Pneumatic Lithotripsy


Alongside intraductal LT (see Chapter 22 ), intraductal pneumatic lithotripsy (IPL) represents the most effective method of ISWL. In IPL, gas, mostly CO 2 gas, is the source of energy. The pneumatic energy is transmitted to a probe resulting in kinetic energy, which is transmitted onto the surface of a stone. Direct contact to the stone is necessary to cause fragmentation. The gas can be released out of a central connecting system or out of a cartridge. Several devices are used to perform IPL. Arzoz et al. treated 18 patients with sialolithiasis, nine of these with IPL (Lithoclast; EMS Swiss, Nyon, Switzerland). The overall success rate was 80%. The gland preservation rate was 89%. Serbetci and Sengor reported on the treatment of two patients with IPL (Calcusplit; Storz, Tuttlingen, Germany). In one of two cases, complete fragmentation and a stone-free state was achieved.

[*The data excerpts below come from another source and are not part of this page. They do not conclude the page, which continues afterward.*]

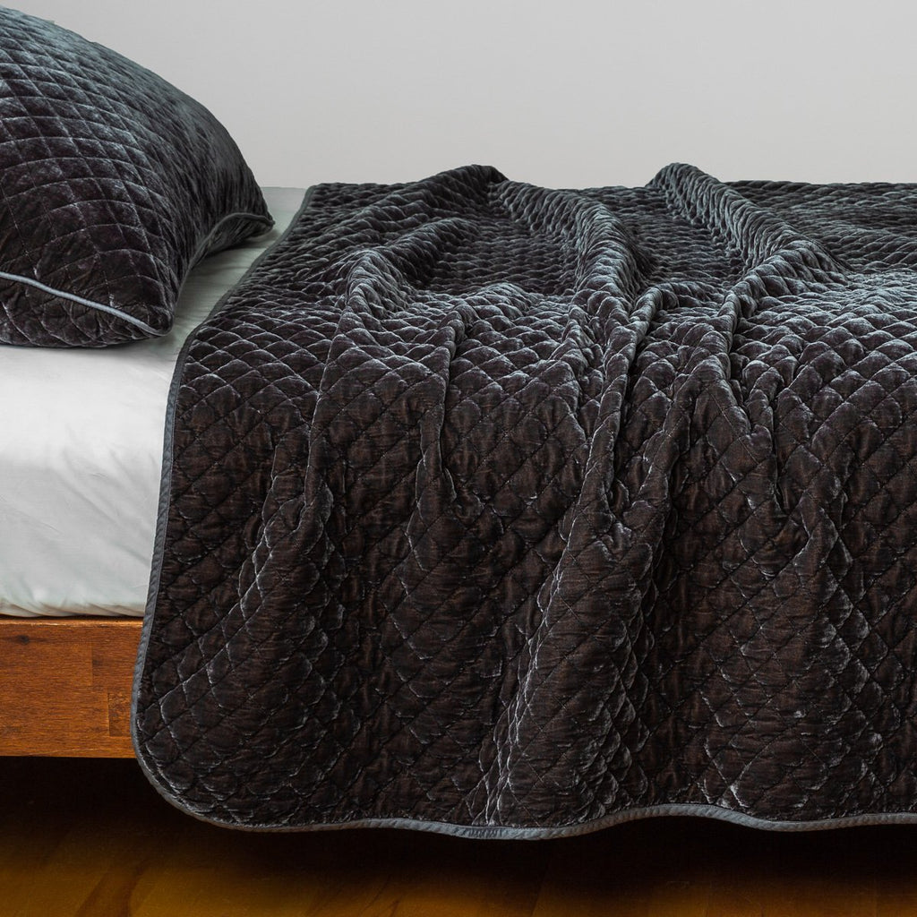 The Bella Notte Silk Velvet Quilted collection dazzles with luxurious style. Finished with satin piping, each garment dyed piece in this collection indulges with rich, sumptuous texture. This Silk Velvet Quilted coverlet adds an extra touch of comfort a bed with a relaxed, plush design.
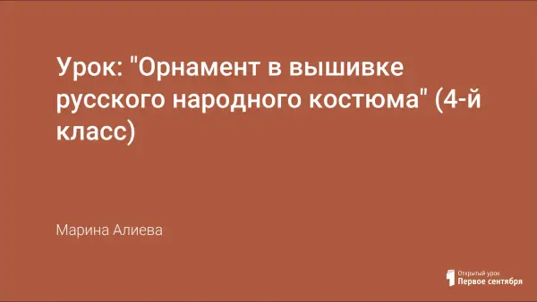 Целью урока изобразительного искусства в 4-м классе было знакомство с русской народной вышивкой. Большое внимание в своей работе на уроках я уделяю духовно-нравственному воспитанию. Хотелось показать девочкам красоту отношения человека к труду. Материал этого урока нацелен на приобщение учениц к истокам народного искусства и художественных представлений нашего народа.
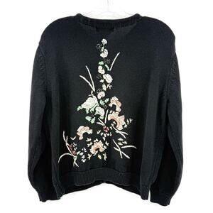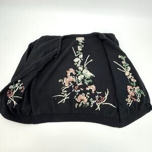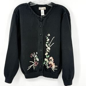Heirloom Collectibles VTG ‘03 Floral Embroidered Black Cardigan Women SZ Large
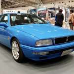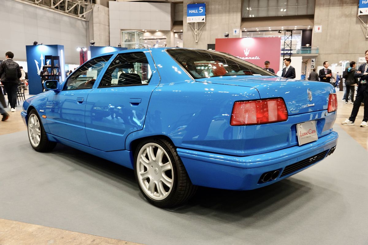 用意されたエンジンはV6ターボとV8ツインターボ。この個体は鮮やかなブルーが特徴的。この色はもともと2ドアクーペ「ギブリ」のスパルタンモデル“ギブリカップ”に設定されたもので、“ギブリカップブルー”と呼ばれます。最初のオーナーがこの色に魅せられ、マセラティ本社にギブリカップブルーの「クアトロポルテ」の製作を依頼。トランスミッションも日本に輸入されたのは4ATのみでしたが、これは6速MTになります。
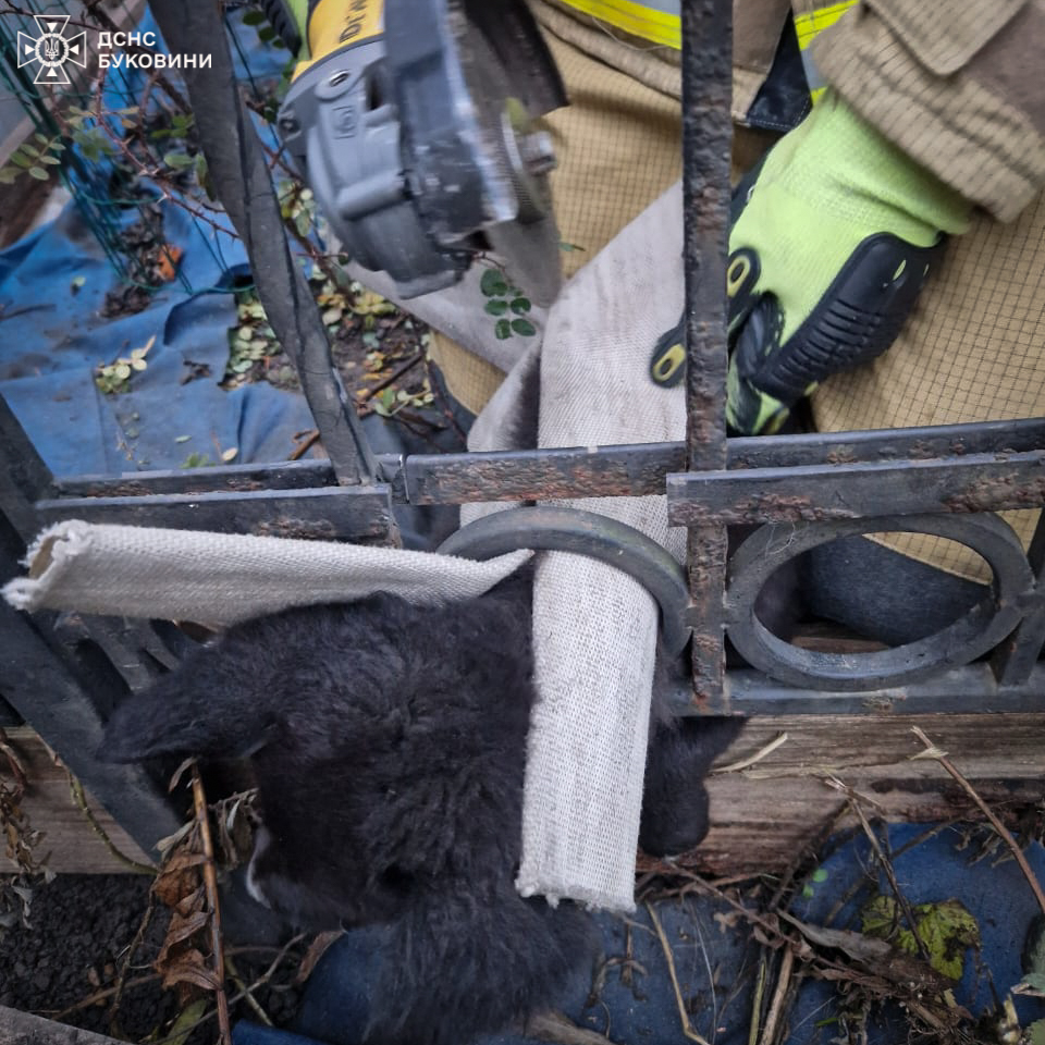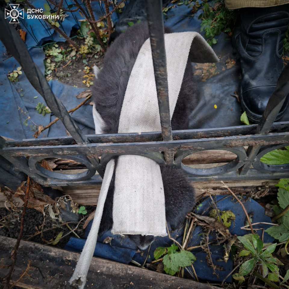 У Чернівцях рятувальники допомогли маленькому цуценяті, яке застрягло між металевими прутами огорожі.
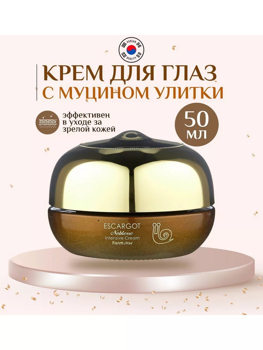 Регенерирующий крем для кожи вокруг глаз с муцином улитки Farmstay Escargot Noblesse Intensive Eye Cream эффективен в уходе за зрелой кожей. Крем отлично питает, устраняет сухость, способствует осветлению пигментации и тёмных кругов в области вокруг глаз. Способ применения: нанесите необходимое количество крема на область вокруг глаз. Легкая текстура крема мгновенно впитывается, успокаивает раздражения, восстанавливает структуру эпидермиса и смягчает его. Базовый косметический продукт премиального качества подходит взрослым мужчинам и женщинам,с любым типом дермы, включая жирную, чувствительную и проблемную. Сбалансированный состав несмываемой продукции, разработанной по уникальной формуле, включает безвредные для здоровья и эффективные ингредиенты. Главные компоненты - муцин улитки, ниацинамид, аденозин и растительный экстракт. Крем содержит множество других полезных веществ. Муцин улитки обладает ранозаживляющим, противовоспалительным действием, помогает против трещин, способствует заживлению повреждений и выравниванию тона и текстуры дермы. Ниацинамид также помогает против шелушения, покраснений и других раздражений, а также способствует повышению (усилению) защитных свойств эпидермиса, сужению расширенных пор. Также ингредиент оказывает расслабляющее действие, снимает следы усталости и делает эпидермис сияющим. Аденозин стимулирует синтез природного эластана и коллагена, имеет антивозрастной, разглаживающий и подтягивающий эффектСредств следует распределять по коже мизинчиками, мягко вбивая его в кожу.Состав: вода, глицерин, минеральное масло, каприлик каприловый триглицерид, ПЭГ-100 стеарат, стеариновая кислота, масло ши, сорбитан сесквиолеат, экстракт листьев барбадосского алоэ, экстракт лаванды, экстракт магнолии, фильтрат секреции улитки.
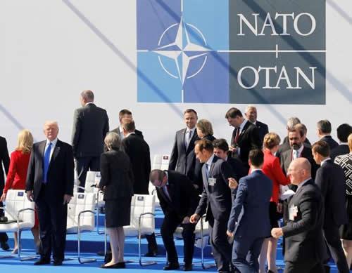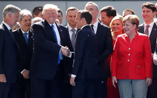 From L-R, Belgium’s King Philipe, Italian Prime Minister Paolo Gentiloni, U.S. President Donald Trump who shakes hands with French President Emmanuel Macron, NATO Secretary General Jens Stoltenberg (partially hidden), Croatia’s President Kolinda Grabar-Kitarovic, German Chancellor Angela Merkel, Canada’s Prime Minister Justin Trudeau gather with NATO member leaders to pose for a family picture before the start of their summit in Brussels, Belgium, May 25, 2017
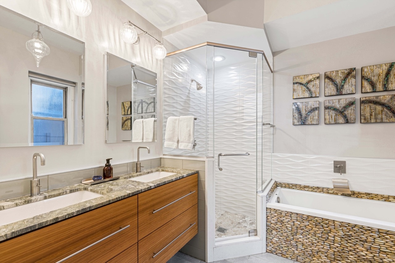 They share a large, windowed bathroom with a stall shower, double sink and a soaking tub. A third bedroom or den is situated along the same hallway and is currently configured as a home office.
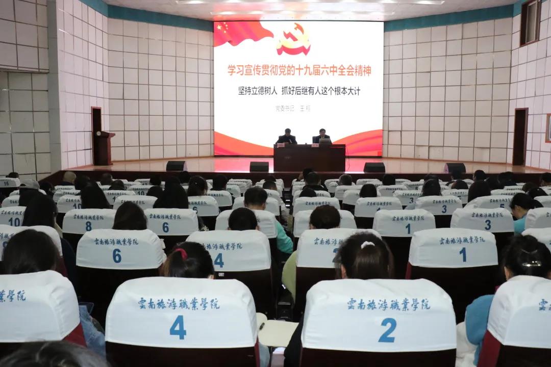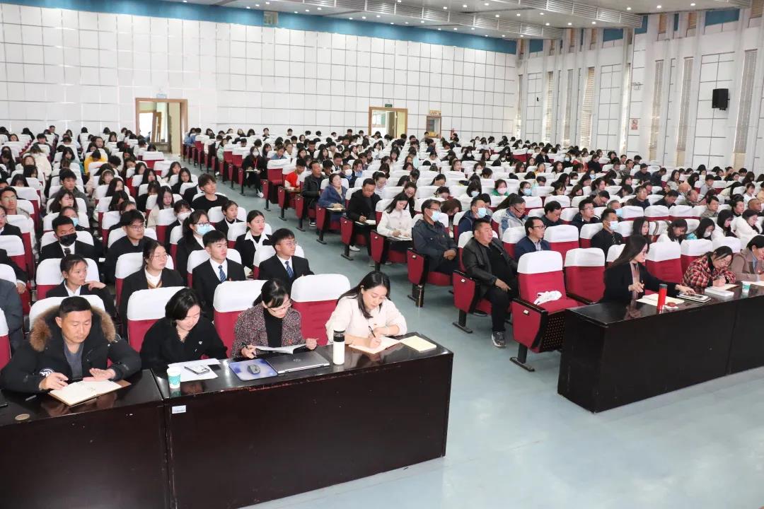 党委副书记自德权主持宣讲会,并从学原文、悟原理、重实践三个方面就学习宣传贯彻党的十九届六中全会提出要求。校领导,党支部书记、全体中层干部,思政课教师、辅导员,团学干部代表共500余人参加会议。

At the beginning of 2015, a new device for the performance of IPL was introduced to fragment salivary stones (StoneBreaker; Cook Medical, Bloomington, IL, USA). It is a small and lightweight handheld device ( Fig. 23.1 ). Due to the integrated gas cartridge, the device is independent from immobile gas resources. The pneumatic energy is released by a trigger mechanism and can be transmitted by an exchangeable nitinol probe (diameter 0.56 mm) under direct endoscopic control onto the surface of a stone. The application is, like all other methods of intraductal fragmentation, dependent on the accessibility of the stone with an adequate sialendoscope. In a recent publication, 44 patients with 49 stones were treated with this device (19 submandibular and 23 parotid glands; Figs. 23.2–23.4 ). In 40 patients, one stone was present; in three patients two stones; and in one case, three stones were treated. In 98%, complete fragmentation (96% of submandibular and 100% of parotid stones) was achieved. Some 98% of the patients became stone-free (100% of submandibular and 95% of parotid glands). All patients became complaint-free. Complete success was achieved in 98% (100% submandibular and 95% parotid glands). In 100% of patients, gland preservation was achieved. In five patients (11.4%), additional treatment methods were necessary to reach this success rate (in two patients, transoral duct surgery – all in submandibular glands; in three patients, ESWL was required – one submandibular and two parotid gland). The efficacy, duration, and number of procedures necessary to achieve successful treatment by this method appears similar to all other modalities of intraductal lithotripsy. It is dependent on the size and location of the stone, but also on the anatomic relationships of the salivary duct system.




Fig. 23.1


(A) The StoneBreaker with the probe cap; the stability device with the nitinol probe and cartridge in place; the silicone tube connected to the exhaust valve. (B) During intraductal pneumatic lithotripsy: one person is maneuvering the sialendoscope and the probe, one person is holding the lithotripter in place and is operating the trigger, and another person is performing irrigation.

(Permission for use granted by Cook Medical, Bloomington, Indiana.)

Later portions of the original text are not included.